Afirmar que un dictador surge necesariamente a través de medios antidemocráticos o ilegítimos no es una
verdad categórica. Hitler fue designado Canciller Imperial por el propio presidente Hindenburg. Después
llegó a ser Führer (líder máximo, caudillo nacional) haciendo trampas con los mecanismos institucionales
que entonces existían. Después de eso, vino una escalada de ascenso totalitario: Centralizó el poder y
suprimió el federalismo; liquidó la libertad de expresión, dejó sin efecto el principio de la inviolabilidad
del domicilio y de la correspondencia; abolió el derecho a la propiedad privada; prohibió la libertad de
reunión y de asociación.
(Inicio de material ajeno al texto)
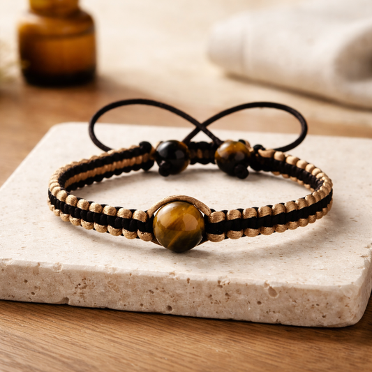 Tigers Eye Protection Bracelet | Adjustable Shamballa Macrame Braided Bracelet
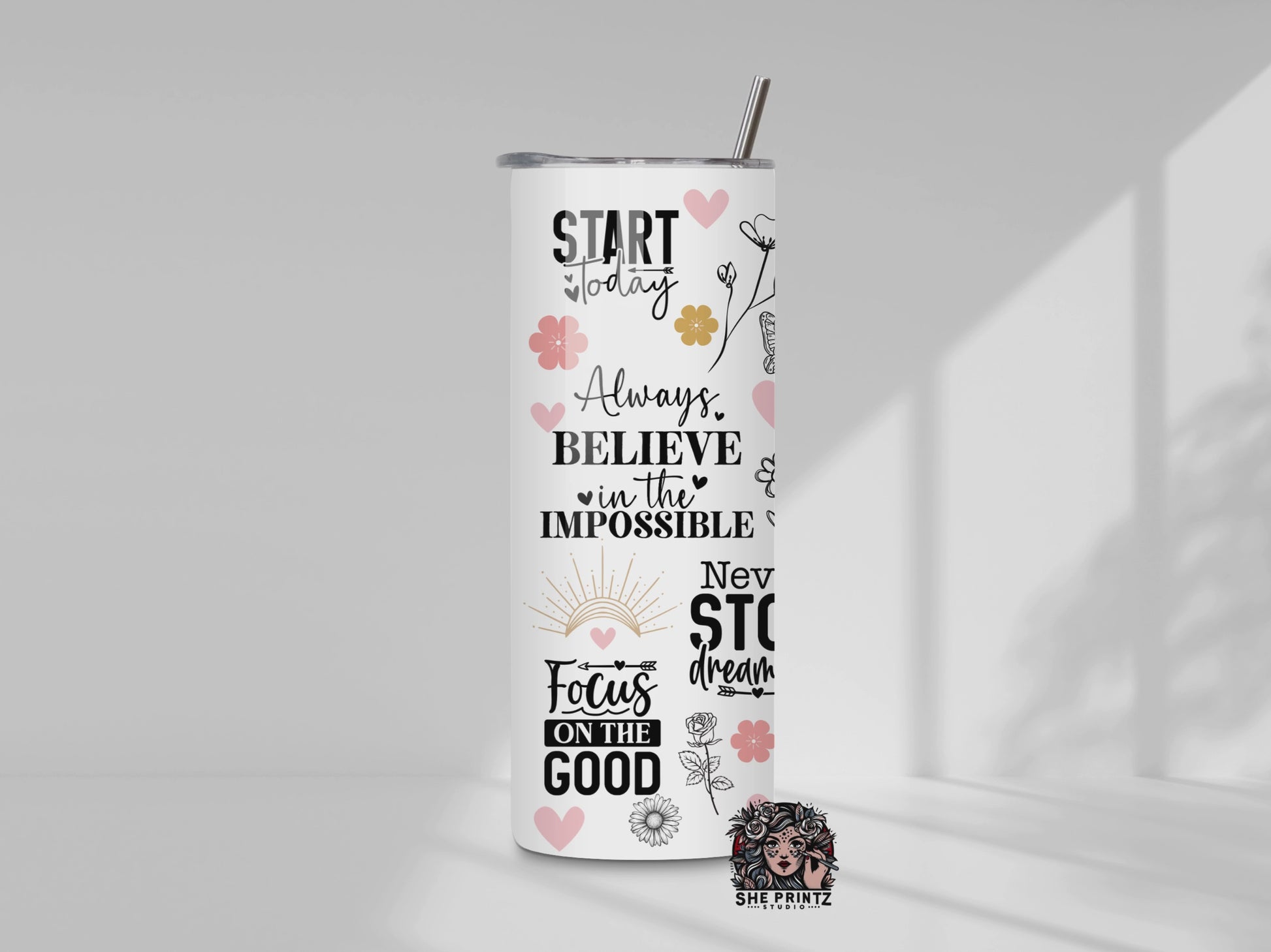 Elevate your mood with our Positive Affirmation Tumbler! Crafted from durable stainless steel, this 20oz tumbler keeps your drink hot or cold for hours. And with its inspiring positive vibes, it's the perfect daily reminder to stay positive and motivated! Get yours now and bring some positivity into your day!

Desató la persecución contra todos aquellos sobre quienes pudiera recaer una
ligera sospecha de que eran enemigos de su régimen y desencadenó un antisemitismo que condujo al
asesinato de millones de judíos, así como también de gitanos. Fue un perverso desarrollo político que lo
convirtió en un dictador absoluto y totalitario, narcisista y megalómano que provocó e inició la Segunda
Guerra Mundial invocando el artificioso derecho que tenían los pueblos germánicos a asegurarse un
“espacio vital” (Lebensraum).
Pudiera ser entonces, que dictaduras como las modernas hayan tenido un origen formalmente democrático
o que incluso, hayan contado con una base electoral legitimadora. Pero a corto o mediano plazo los
dictadores transgreden impunemente el estado de derecho y se constituyen en regímenes arbitrarios que
atropellan las libertades individuales, la libertad de pensamiento y de expresión y generan lo que se ha
dado en llamar un “culto a la personalidad”.